Meteorologisch betrachtet befinden sich unsere Breitengrade im vierten Monat des Jahres im Frühling. Und doch dürfte im April 2019 bei vielen Menschen gefühlt noch einmal der Winter Einzug halten. »Winter is coming« – diesen Titel trug die erste Folge von »Games of Thrones«, kurz GoT. Seit die Serie im April 2011 auf dem US-Sender HBO ihre Premiere erlebte, ist sie fest mit diesem Slogan verbunden. Gleichzeitig zieht das Fantasy-Epos die Menschen rund um den Globus in seinen Bann. Genau sieben Jahre später geht der preisgekrönte Kampf um Westeros in die achte und finale Staffel.

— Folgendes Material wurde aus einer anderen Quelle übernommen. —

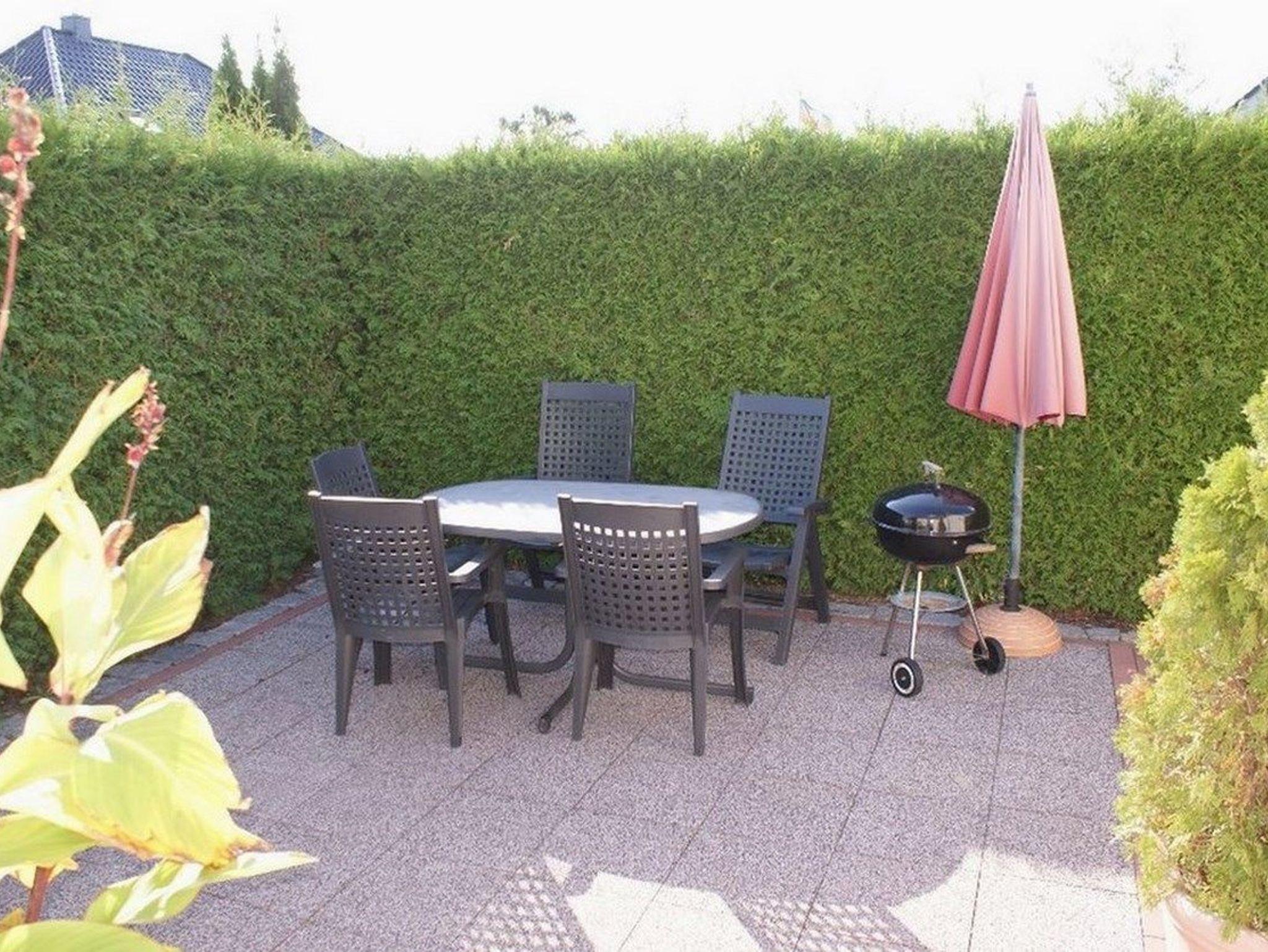 - idylle Terrasse mit Sitzmöbel, Tisch, Sonnenschutz, Grill, großes Gartengrundstück (u.a. Schaukel)

GoT ist mehr als ein Publikumserfolg. Die Produktion steht sinnbildlich für den rasanten Wandel der Medienbranche. Digitalisierung und Breitband-Internet machten es möglich, dass die Konsumenten nicht mehr an ein festes Programmschema oder den Kauf von DVDs und CDs gebunden sind. Vielmehr können sie Filme, Serien und Musik wann und wo sie möchten via PC, Tablet, Smartphone oder internetfähigem TV-Gerät abrufen – das Substantiv »Streaming« ist als Oberbegriff für diese moderne Art der Mediennutzung sogar im Duden aufgeführt.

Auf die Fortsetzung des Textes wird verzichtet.